Ночь прошла упоительно. Между бедер Тэхена было, как и прежде, сладко, его губы и руки даровали блаженство, которого Чонгук ни с кем не ведал и понимал, что не изведает. Чонгук целовал его до самозабвения, пока собственные губы не онемели, обновил метку и брал его неутомимо до утра. Только при рассеянном свете весеннего солнца сыто отвалился и улыбнулся. По крайней мере, постельные утехи остались неизменно волшебными.
Утром, разбирая накопившиеся дела и добравшись до казенного учета, Чонгук криво усмехнулся. Пока он лечил раненое сердце в трудах и хлопотах, лишь позволяя себе охоту в качестве утехи, его яблочко утешало себя покупкой драгоценностей. Золотые заколки, пряжки, броши, подвязки с драгоценными камнями… Тэхен хорошенько встряхнул казенным кошелем, украшая себя. Что ж, неприятно, но как есть. Его яблочко прочувствовало вкус придворной жизни, контрастно отличной от монашеской.

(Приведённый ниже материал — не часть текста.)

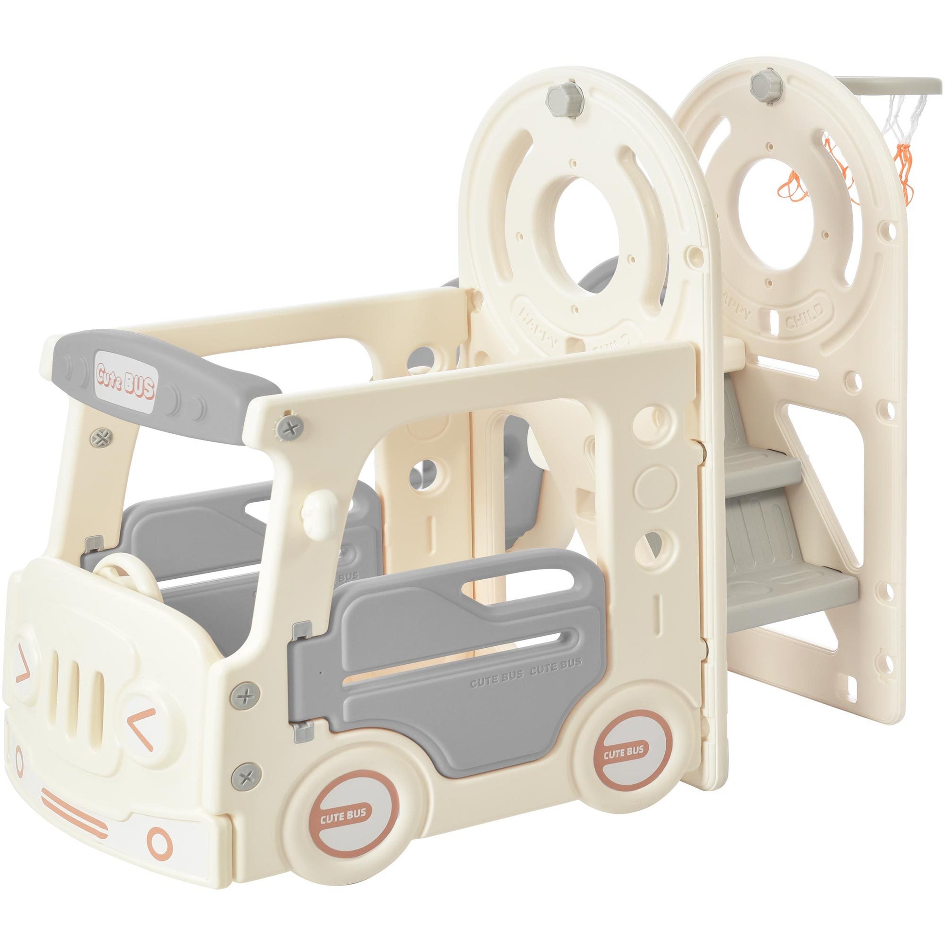 Kids Slide With Bus Play Structure, Freestanding Bus Toy With Slide For Toddlers, Bus Slide Set With Basketball Hoop Gray Hdpe
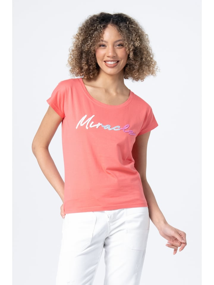 Женская футболка розового цвета с коралловым логотипом Refined Miracle. Эта футболка из актуальной летней коллекции MOD выполнена в сияющем коралловом цвете заката, который мгновенно добавит летнюю свежесть вашему образу. Мягкая ткань, состоящая из 95% хлопка и 5% эластана, приятна на ощупь и обеспечивает оптимальный комфорт благодаря легкой эластичности. Женственный, слегка приталенный крой подчеркивает ваш силуэт, а короткие рукава и классический круглый вырез горловины создают вневременной образ. Изящный логотип «Mirace» спереди выполнен в нежных тонах и добавляет модный штрих к в остальном простому дизайну. Удобный стиль для теплых летних дней. Эта универсальная базовая рубашка кораллового цвета впечатляет своей повседневной носимостью и легко сочетается с другими вещами. Белые брюки, как показано на модели, создают идеальный контраст с ярким цветом рубашки и создают свежий летний образ. Мягкая ткань приятна на ощупь, а эластан обеспечивает длительную сохранение формы и свободу движений. Чистота пошива и двойные усиленные швы на подоле и рукавах гарантируют долговечность даже после частых стирок. Спинка рубашки однотонная, что подчеркивает ее универсальность. Настоящий летний незаменимый предмет одежды, идеально сочетающийся с джинсами, шортами и юбками, предоставляя вам множество вариантов для создания стильных образов. Состав: 95% хлопок, 5% эластан.
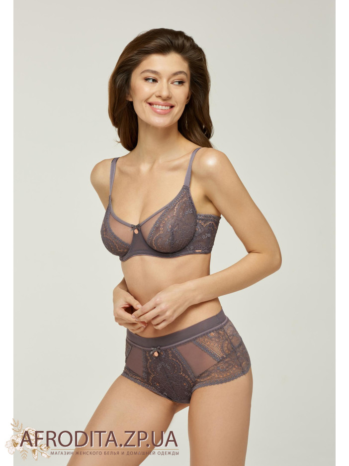 В комплекте трусы-брифы, линия талии завышена, пояс из двойной сетки ,передняя деталь из кружева на тонкой подкладке из сетки. На задней детали кружевные вставки с ажурными краями.
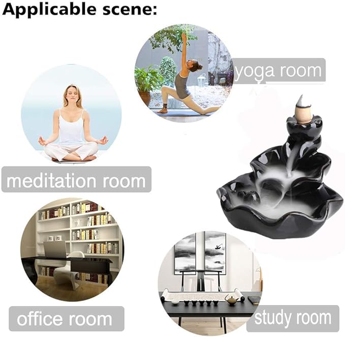 - Health Benefits: Incense cone burner used with Backflow Cones & Sticks, create fresh air, calm mood, alleviate anxiety, etc. incense cone offer aromatherapy that contributes to reduced pain and improved health, meditation and aid-sleeping effect.Forget about troubles, releasing stress is so easy
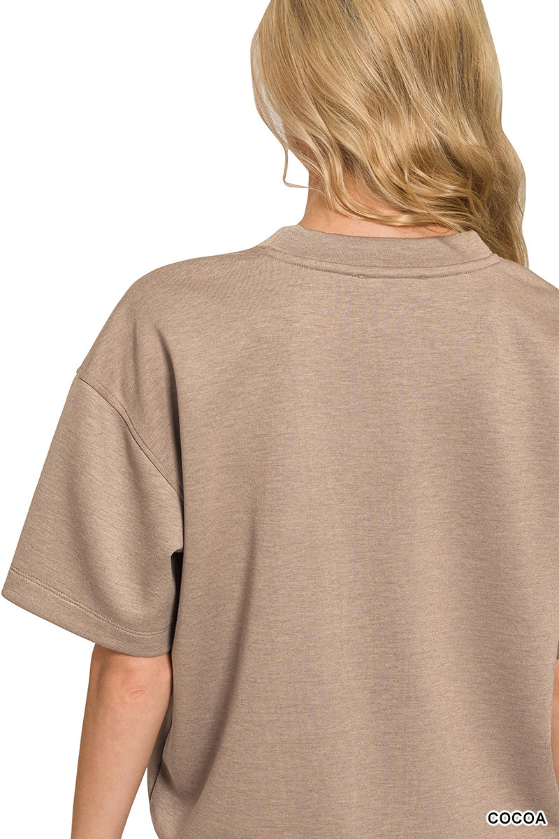 Get ready for summer in style with this scuba short sleeve top and shorts set. The scuba fabric is perfect for a comfortable and form-fitting look. The matching set is effortlessly chic and makes outfit planning a breeze. Ideal for a casual day out or lounging at home with a touch of fashion-forward flair.
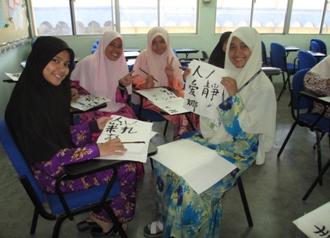 下午,教室里的阵阵墨香吸引学生们陆续入场。老师将准备好的视频演示播放给学生并进行讲解,学生们根据多媒体图像说明和老师手把手的教练,一个个漂亮的汉字跃然纸上。从笔画简单的“人”字,到笔画复杂的繁体的“夀”,学生都能逐渐地一笔一划,准确无误地写出来。结合中国新年,学生们的书法作品中处处可见“吉祥如意”等对中国新年的祝福。一些曾经多少见识过中国书画的学生,更是发挥其创造性,在他们的笔下, 方块儿汉字变成了阿拉伯文字, 中国画中的梅兰竹菊也变成了马来西亚的椰子树和马来西亚大红花。有些学生还画出了可爱的蛇形图案,中、马书画交相辉映,别有一番意趣。出人意料地体现了两国文化之间的沟通和融合。 也体现了学生们对中国传统文化艺术的理解和认同。根据学生们的不俗表现, 孔院老师们不失时机地当场评选出不同种类作品优秀奖,更使得学生们兴趣倍增。

Пока тот готов его обнимать, целовать и разводить под ним ноги, лживо признаваясь в любви, Чонгук мог закрывать на излишества глаза. А если все же Тэхен со временем родит, то и простить ему вульгарную тягу к роскоши в то время, как Чонгук безумно страдал.
На фоне его, красующегося в новых украшениях, аляписто понатыканных в одеяния и волосы, Чимин в лиловых или серых одеяниях казался скромной уточкой возле павлина. А Чонгук, непрестанно теперь их сравнивая, вспоминал, что папа предпочитал лиловый и в повседневной рутине практически не носил украшений. Сравнивал и манеры: от Тэхена, несмотря на его потуги и усилия, несло недавней деревней, а Чимин же источал изысканность в каждом слове, в каждом движении. И аромат его, воспринимаемый когда-то чрезмерно сладким, теперь чудился тонким и воздушным, несущим успокоение.
Супруги должны совпадать в важном: в целях, в желаниях, — утверждал покойный папа. И Чонгук запоздало с ним соглашался, хладнокровно отмечая, что не совпадает с Тэхеном ни в целях, ни в желаниях. Одна лишь плоть их связывала, ничего больше. И от этого было очень горько.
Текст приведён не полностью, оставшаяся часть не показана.